That is the point we’re at with the Datatrust Prototype: We are ready to move forward with an actual, real, project. This proposal is the result of discussions Mimi, Alex and I have been having over the course of the past couple month or so, with questions and insights on PINQ thrown in by Tony, and answers to some of those questions from Frank.

The talk can be broken up into three tersely titled sections:

Why? Basic motivation for the project.

What? What exactly the prototype will be.

Not Potential features of a Datatrust that are out of scope for this first prototype.

Why?

We need a (concrete) thing

Partly this is to have something to demo to future clients/partner organizations, of course. However, we also need the beginnings of a real datatrust so that different people’s abstract concepts of what a datatrust is can begin to converge.

We need understanding of some technical issues

1. Understanding Privacy: People have been looking at this problem (i.e. releasing aggregated data in such a way that individuals’ privacy isn’t compromised) for over 40 years. After some well-publicized disasters involving ad-hoc approaches (e.g. “Just add some noise to the data”, or “remove all identifying data like names or social security numbers”) a bunch of researchers (like our friends at research.microsoft.com) came up with a mathematical model where there is a measure of privacy, ε (epsilon).

In the model, there’s a clear message: you have to pay (in privacy) if you want greater accuracy (i.e. less noise) in your answers. In particular, the PINQ C# API can
calculate the privacy cost ε of each query on a dataset. So, one can imagine having different users of a datatrust using up allocations of privacy they have been assigned, hence the term “Privacy Budget”. (Frank dislikes this term because there are many privacy strategies possible other than a simple, fixed budget). In any case, by creating the prototype, we are hoping to gain an intuitive understanding of this mathematical concept of privacy, as well as obtain insight on more practical matters like how to allocate privacy so that the datatrust is still useful.

One way of understanding privacy is to think of it as a probability, (i.e. of leaking data) or measure of risk. You could even imagine an organization buying insurance against loss of individual data, based on the mathematical bounds supplied by PINQ. The downside of this approach is that we humans don’t seem to have a good intuitive grasp of things like probability and risk (writ large, for example, in the financial meltdown last year).

Another approach that might be helpful is to notice that privacy behaves in the same way as a currency (for example, it is additive). Here, you can imagine people earning or trading currency, for example.
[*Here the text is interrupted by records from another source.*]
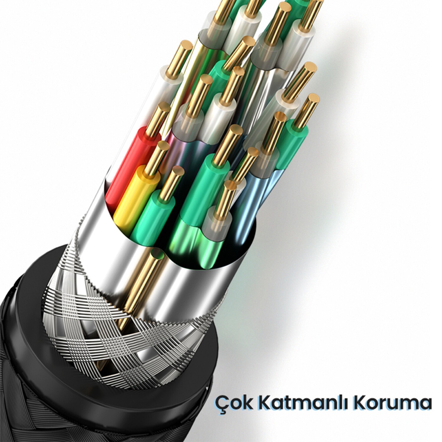 VegGieg Premium HDMI 2.1 Görüntü ve Ses Aktarım Kablosu, yüksek çözünürlükte görüntü ve güçlü ses iletimi arayan kullanıcılar için özel olarak tasarlanmıştır. 8K@60Hz ve 4K@144Hz desteği sunan örgülü kablo, HDMI 2.1 teknolojisinin sunduğu 48 Gbps bant genişliğiyle kesintisiz ve net bir aktarım sağlar. Dayanıklı dış kaplaması, uzun ömürlü kullanım sunarken HDR, Dolby Atmos ve 3D gibi gelişmiş teknolojilerle uyumlu yapısı sayesinde ev sinemasından profesyonel sunumlara kadar birçok alanda üstün performans sunar.
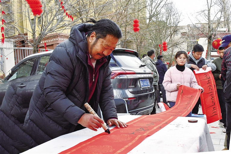 書(shū)法家給市民寫(xiě)祝福語(yǔ)。記者 桑旦歐珠 攝
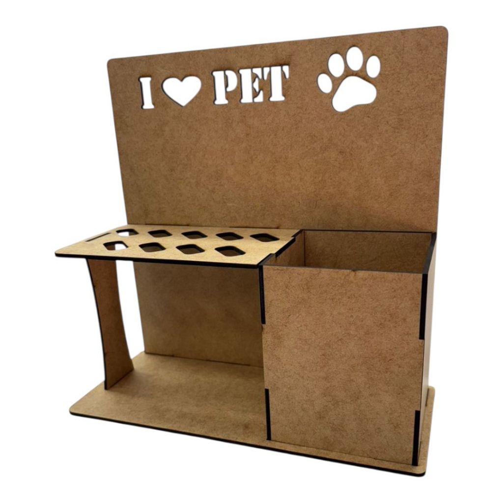 Porta Tesouras de Bancada para Petshops e Veterinarios - Produzido em MDF de Reflorestamento - Vão Para 9 Tesouras - Caixa Para Pentes, Maquinas, Escovas - Tamanho 22 x 22 x 9cm (A x L x P) - Escrita Vazada I LOVE PET - Produzido a Laser - Pintura Industrial Preto Fosco - Ja vai Montado - ESCOLHER NO MOMENTO DA COMPRA A COR DO PRODUTO ( PRETO ou CRU ) CRU VOCÊ PODE PINTAR OU PERSONALIZAR DA FORMA QUE DESEJAR
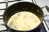 Afkøl kyllingen i kogevandet, tag derefter kødet af benene og skær det i mindre stykker. Afdryp asparges i en sigte gem aspargesvandet. Smørret smeltes i en gryde. Tilsæt mel og rør det i, lad det riste let inden en blanding af aspargesvand og kyllingefond (5 dl.) tilsættes under konstant omrøring. Tilsæt piskefløde og kog op. Smag til med salt og peber. Stuvning skal være tykkere end du lige tror da der stadig er en del være i aspargeserne. Til slut tilsættes aspargessnitter og kyllingekød. Serveres med kartofler. |
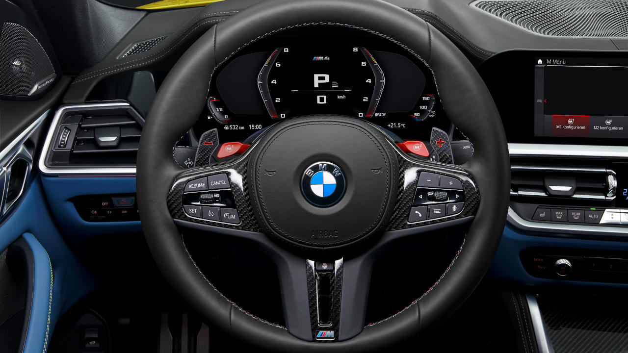 Στάνταρ είναι και ο αυτόματος τριζωνικός κλιματισμός, ο εσωτερικός φωτισμός LED, ο κρυφός φωτισμός και ένα hi-fi σύστημα ηχείων. Το BMW Live Cockpit Professional (με όλες τις ψηφιακές ενδείξεις συγκεντρωμένες, σύστημα πλοήγησης βασισμένο σε cloud, BMW Maps και BMW Intelligent Personal Assistant) είναι επίσης στάνταρ για τις νέες BMW M3 Sedan και BMW M4 Coupé. Χωρίς επιπλέον κόστος, ο ενδιαφερόμενος μπορεί να “θυσιάσει” τη στάνταρ πλαστική και ενισχυμένη με ανθροκονήματα οροφή για χάρη της ατσάλινης που φέρει ωστόσο ηλιοροφή. Διαθέσιμο είναι τέλος και το πακέτο M Race Track που μειώνει το βάρος και περιλαμβάνει κεραμικά φρένα M Carbon, πολύ ελαφρές ζάντες αλουμινίου M (διατίθενται προαιρετικά με ελαστικά semi-slick) και bucket καθίσματα M Carbon.
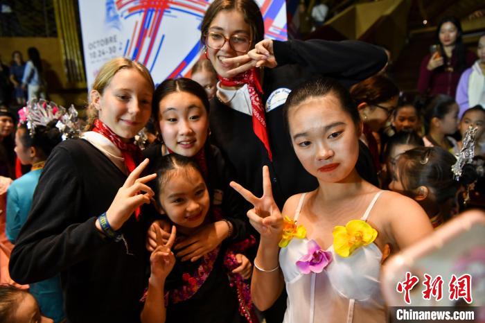 圖為演出結(jié)束后中法兩國小朋友用手機自拍合影。中新社記者 駱云飛 攝
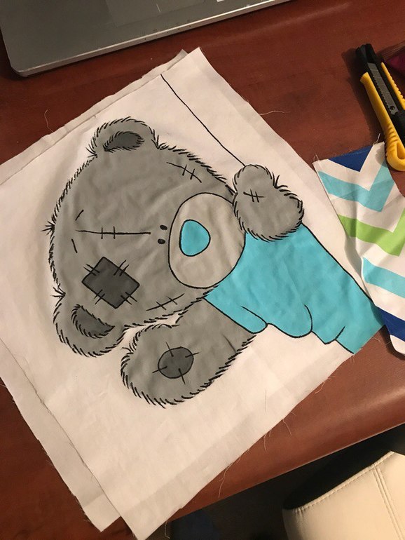А вот еще один милый мишка, из которого скоро будет комплект бортиков и также отдельно декоративная подушка для Мишутки. Рисунок этот уже нарисован в ручную специальными красками для ткани, на фото еще сохнет)

With actual money, we have a couple of thousands of years worth of experience built into evaluations like a house being worth a million Snickers bars: How long will it take us to have similar intuition with a privacy currency?

2. PINQ vs SQL: Here, by “SQL” I’m talking of traditional persistent data storage mechanisms in general. In most specific cases we are talking about SQL-based databases (although in the data analysis world there are other possibilities, like SAS).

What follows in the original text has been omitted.